Als ich dann auch noch herausfand, dass Idar und Oberstein (die erst 1933 mit mehreren Dörfern zur Stadt Idar-Oberstein vereinigt wurden) mehr als hundert Jahre lang als Teil der Exklave Fürstentum Birkenfeld zum Großherzogtum Oldenburg gehört hatten – meiner alten Heimat, in der auch das Ammerland liegt, wo mein Roman Die Rose von Darjeeling teilweise angesiedelt ist, da erschien es mir, na gut, nicht gerade wie ein Wink, doch wie ein Zwinkern des Schicksals, und es war klar, dass ich Die Lilie von Bela Vista unbedingt schreiben wollte.

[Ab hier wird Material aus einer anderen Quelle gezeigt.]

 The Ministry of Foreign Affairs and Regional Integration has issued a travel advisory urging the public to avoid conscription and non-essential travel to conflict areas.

Haben Sie eine Lieblingsszene?
Drei. Eine Lieblingsszene in „Die Lilie von Bela Vista“ nenne ich so für mich die „die Paradiesszene“ – wenn ich daran denke, sehe ich immer zuerst tief lilafarbene Amethyste und einen in die Lüfte steigenden Schwarm gelber Schmetterlinge vor mir. Diese Szene spielt 1834 in der Nähe eines großen Wasserfalls im Urwald von Rio Grande do Sul, im Süden Brasiliens. Die junge Sophie hat es aus Deutschland unter größten Strapazen und mit viel List und Charme bis hierher geschafft, sie ist mehrmals bis an ihre Grenzen gegangen, weil sie weiß, dass ihr verschollener Verlobter dringend ihre Hilfe braucht...

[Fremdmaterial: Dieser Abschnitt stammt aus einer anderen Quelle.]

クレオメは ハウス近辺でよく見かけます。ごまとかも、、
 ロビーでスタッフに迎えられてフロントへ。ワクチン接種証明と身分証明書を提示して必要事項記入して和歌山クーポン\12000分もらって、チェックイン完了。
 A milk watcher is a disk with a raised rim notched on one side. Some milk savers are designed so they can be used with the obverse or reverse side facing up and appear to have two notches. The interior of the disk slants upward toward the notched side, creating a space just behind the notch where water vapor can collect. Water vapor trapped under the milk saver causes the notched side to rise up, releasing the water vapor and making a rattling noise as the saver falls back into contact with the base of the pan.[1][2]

Eine andere Szene, die mich beim Schreiben sehr gefordert hat und heute noch beim Lesen atemlos macht, handelt von Sophies Flucht vor feindlichen Indios durch den Urwald.
Und in der Gegenwartshandlung ist meine Lieblingsszene diejenige, wo Rico, der die Hamburger Modedesignerin Josie tagsüber durch verschiedene Edelsteinminen von Minas Gerais geführt hat, im Mondschein vor einem alten Kloster durch sein Rufen einen Mähnenwolf herbeilockt.

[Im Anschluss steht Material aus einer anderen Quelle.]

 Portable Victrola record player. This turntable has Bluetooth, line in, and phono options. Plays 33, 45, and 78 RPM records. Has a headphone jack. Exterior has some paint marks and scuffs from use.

Haben Sie eine Lieblingsfigur?
In „Die Lilie von Bela Vista“ ist es in der Vergangenheitserzählung natürlich die Heldin Sophie, die so mutig ist, anno 1833 ihrem Verlobten von Idar-Oberstein aus um die halbe Welt in die Wildnis von Brasilien hinterher zu reisen.
In dem Erzählstrang, der in der Gegenwart spielt, mag ich sehr den unnahbaren deutsch-brasilianischen Edelsteingroßhändler Rico da Silva.
Aber ich liebe auch die unkonventionelle, über achtzigjährige Tante Ada in Idar-Oberstein, die im Kopf so jung geblieben ist.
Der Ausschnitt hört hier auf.